Do Surgeon Recommendations for Imaging Correspond with Imaging Appropriateness Guidelines?

From the 2022 HVPA National Conference

Shyam Ramachandran (Bachelor of Science and Arts, Texas A&M Health Science Center, College of Medicine), David Ring MD, PHD, Tom Crijns MD


Utilization of Magnetic Resonance Imaging (MRI) and Computed Tomography (CT) increases annually, raising concerns about overuse. Imaging appropriateness guidelines have the potential to standardize decisions regarding imaging based on best evidence, which might reduce unhelpful or misleading imaging.


We studied expert use of advanced imaging for musculoskeletal illness compared to published appropriateness recommendations.


First, 15 imaging guidelines with recommendations for advanced imaging of the upper extremity were collated. Next, members of the Science of Variation Group (SOVG) were invited to participate in a survey of 11 patient scenarios of common upper extremity illnesses and asked whether they would recommend MR or CT imaging. Guideline recommendations for imaging were compared to surgeon recommendations using Fisher exact tests. We used Fleiss kappa to measure the interobserver agreement among surgeons.


For the 11 scenarios, most imaging appropriateness guidelines suggested that MRI or CT is useful while most surgeons (n=108) felt it was not. There was no correlation between surgeons and guidelines recommendations for imaging (ρ= 0.28; P =0.40). There was slight agreement among surgeons regarding imaging recommendations (kappa: 0.17, 95% Confidence interval: 0.023 to 0.32).

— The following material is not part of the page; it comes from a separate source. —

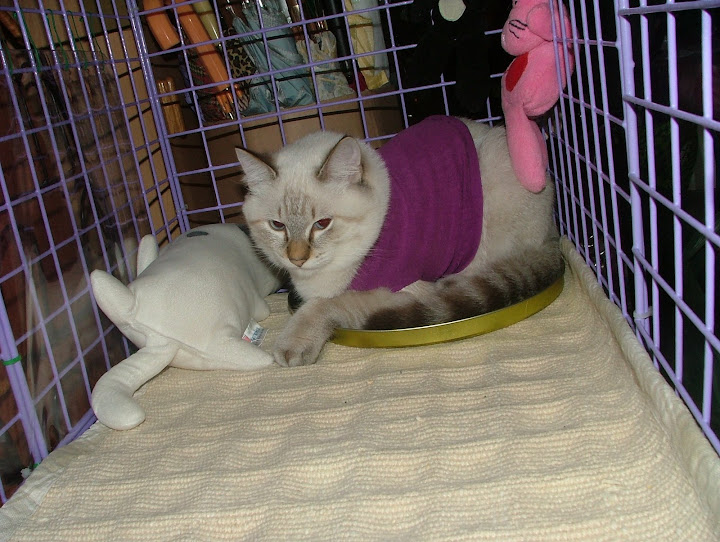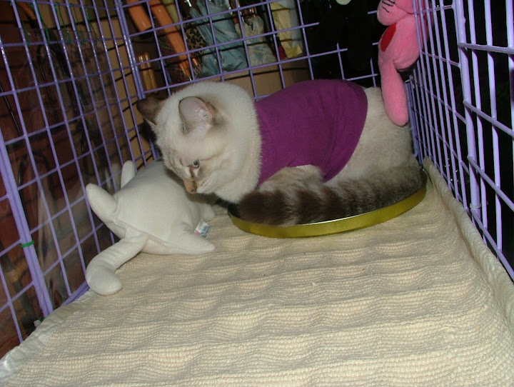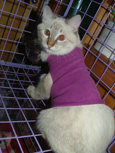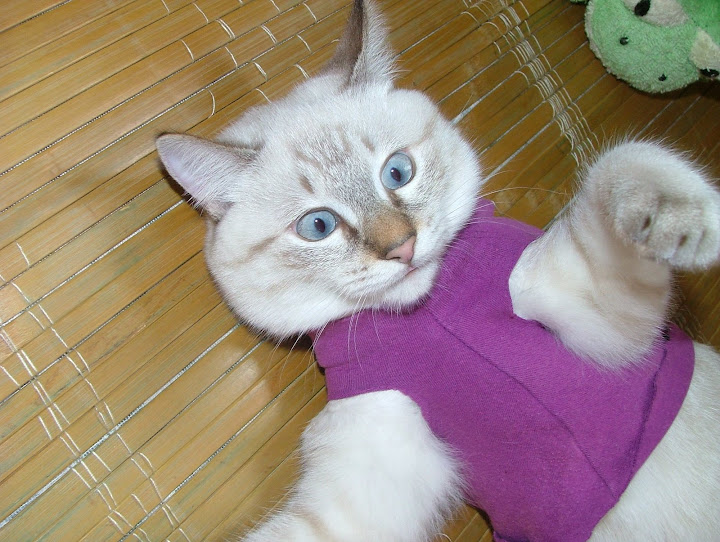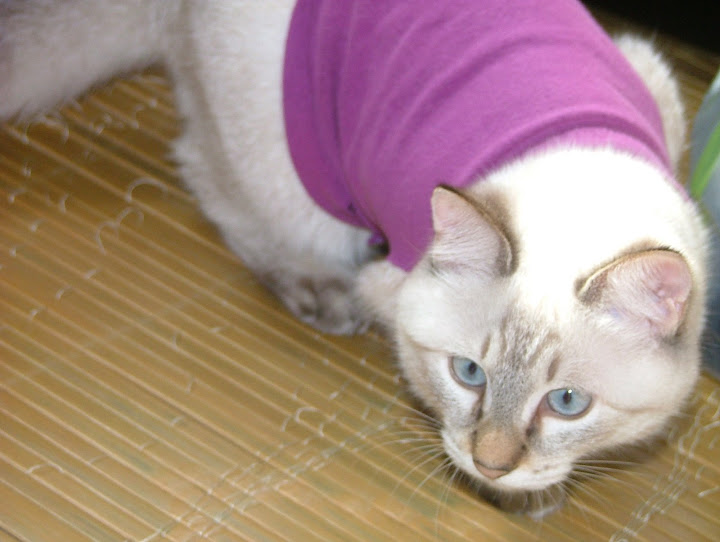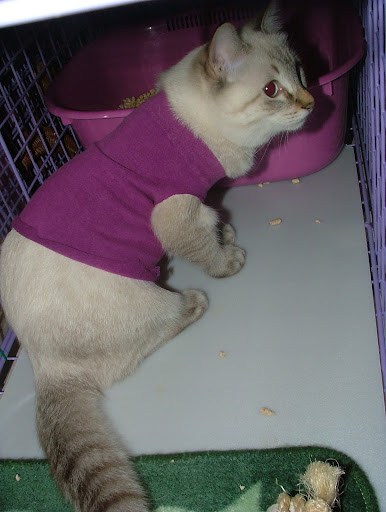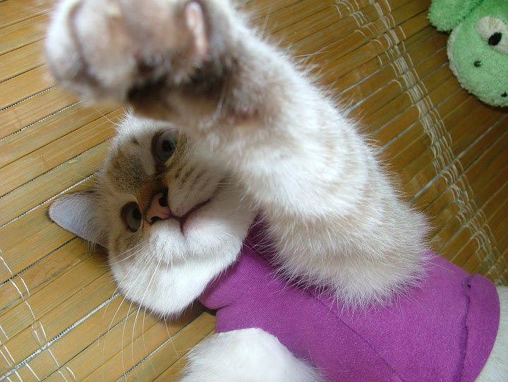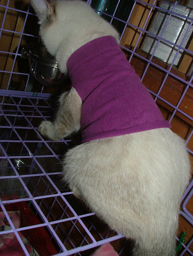 昨天幫努努買的第一件衣衣.... 想說回家看看 .... 也許可以自己做一件吧... 結果 ... 還是大了點.... 3公斤以內可以.... 努努應該有2公斤吧... 手那邊有點寛.... 一定會掙脫掉的... 身長也不夠.... 可能要再加一點布啦... 那件可能是給像吉娃娃 ... 博美類的小型犬穿的喔... 怕牠會冷... 衣服不穿..... 弄了條地墊加給牠鑽.... 七早八早 .... 近6點吧.... 努努一直叫叫叫... 天冷 ... 又早... 實在不想起床吔... 但又怕牠有什麼事 ....( 若只是想抱抱吸手倒還好....) 起來牠就被偶抱出來... 吸手啦... 沒看到牠到底睡哪一層樓 .... 碗空空的.... 補充些吃的囉..... 看牠在偶臂彎中吸個不停 ... 又滾了鍋稀飯的.... 弄到七點才讓牠回去 ... 又丟個抱枕給牠.... 看人家喵都會趴在抱枕上... 牠好像沒啥興趣的... 偶嘛 .... 氣管不太好... 有點乾乾的.... 猛喝熱水.... 千萬別感冒了.... 也要很小心別靠努努太近 .... 很怕牠被傳染啦.... ( 牠說的話不清不此的 .. 弄不清牠哪兒不舒服嘛...) 還是小心點啦.... 新手還是新手 .... 雖然是近五個月的喵... 可還是小喵嘛 ..... 偶還挺怕的.... 操心這操心那..... 喔呵呵 .... 昨天在寶雅又看到點點窩 ... 居然有一個藍色 .... 我先前一直想要的顏色啦.... 好心動.... 很想抱回家... 但紅色也才買不久 ... 家中只有一隻努努呀.... 而且... 牠還沒在�面睡著過吔... 只是跳進跳出的玩過.... 真不知買回來是牠用 ....? 還是偶要用吶 ??? 先暫時打住... 沒有抱回家.... 不過... 既然現在在這兒一直講.... 早上也跟喵爸聊努努的事提到.... 偶怕.... 可能.... 應該這二天會去抱回家吧... ( 會不會浪費呀... ??? ) 不買回家.... 浪費偶的心思在那兒上 .. 總是想能省一點買牠必需品啦.... 昨天就又去搬了一包木屑砂回來 .... 外加一件小衣衣..... 照片照片... 說了半天忘了還沒放上來看看啦..... http://lh6.ggpht.com/_alupsZG7TVw/SRoXYXxyGXI/AAAAAAAADCA/mtv0n_P9p80/s512/DSCF5826.JPG 偶一直以為拉鍊會開在肚子上的.... 因為在中和環球 ... 不是開了一家 pet plus ( 有沒拼錯呀 ...???) �面的衣衣起跳價是600 左右吧... 印象中好像都是開肚子那邊的啦..... 先前是偶和小姐姐一起穿的... 順勢抱著牠拍了幾張.... 牠不情不願的哦.... 可能偶還沒洗... 味道不對牠的味.... 不看鏡頭 .... http://lh4.ggpht.com/_alupsZG7TVw/SRoXcYPYwuI/AAAAAAAADCI/EdsK_8r6IQQ/s512/DSCF5828.JPG 哇.... 這樣子看不到衣服啦... (要拍衣就拍衣 .... 幹嘛叫我穿咧.... 主角是隨呀....???) http://lh5.ggpht.com/_alupsZG7TVw/SRoXQy0_0mI/AAAAAAAADBs/k9jXUFqraI0/s512/DSCF5822.JPG 對嘛 .... 對嘛... 照過來 .... 照過來呀..... http://lh4.ggpht.com/_alupsZG7TVw/SRoXVCr9c7I/AAAAAAAADB0/HE-1-b5IlGM/s512/DSCF5823.JPG 掙扎之下.... 只好放牠下去.... 牠一直扯 .... 一直動.... http://lh6.ggpht.com/_alupsZG7TVw/SRoXgMavPTI/AAAAAAAADCQ/V0c_5oSyZN4/s512/DSCF5829.JPG 還以為不一直穿著也可以穿一下下... 拍拍照呀什麼的 .... 至少也會站好嘛..... http://lh5.ggpht.com/_alupsZG7TVw/SRoXkKsC1PI/AAAAAAAADCY/hnVlum66Xkk/s720/DSCF5830.JPG 打成一團.... 一圫 ..... http://lh5.ggpht.com/_alupsZG7TVw/SRoXo3fL89I/AAAAAAAADCk/D1v5VIZWYM4/s720/DSCF5831.JPG 買時... 竉物店老闆也說.. .... 狗比較穿得住.... 喵喵不太願意穿... 而且... 是針對狗做的衣衣.... 喵喵只是體型小也可以穿啦..... 骨頭軟... 很容易掙脫的啦.... 果不其然.... http://lh5.ggpht.com/_alupsZG7TVw/SRoXsW-JM9I/AAAAAAAADCs/PTY5cY86PB4/s720/DSCF5832.JPG 努努好屌 .... http://lh3.ggpht.com/_alupsZG7TVw/SRoXwuNiKOI/AAAAAAAADC0/vPB8UvwqKPc/s720/DSCF5840.JPG 不穿就算了.... 不冷是吧..... 還咬..... 還咬...... http://lh4.ggpht.com/_alupsZG7TVw/SRoX0mi3L0I/AAAAAAAADC8/VhbRo1c3E9M/s720/DSCF5842.JPG

The available imaging appropriateness guidelines appear to be too permissive and therefore seem to have limited clinical utility for upper extremity surgeons. 

Clinical Implications

The notable surgeon-to-surgeon variation (unreliability) in recommendations for advanced imaging in this and other studies suggests a role for strategies to ensure that patient decisions about imaging are consistent with their values (what matters most to them) and not unduly influenced by patient misconceptions about imaging or by surgeon beliefs and habits.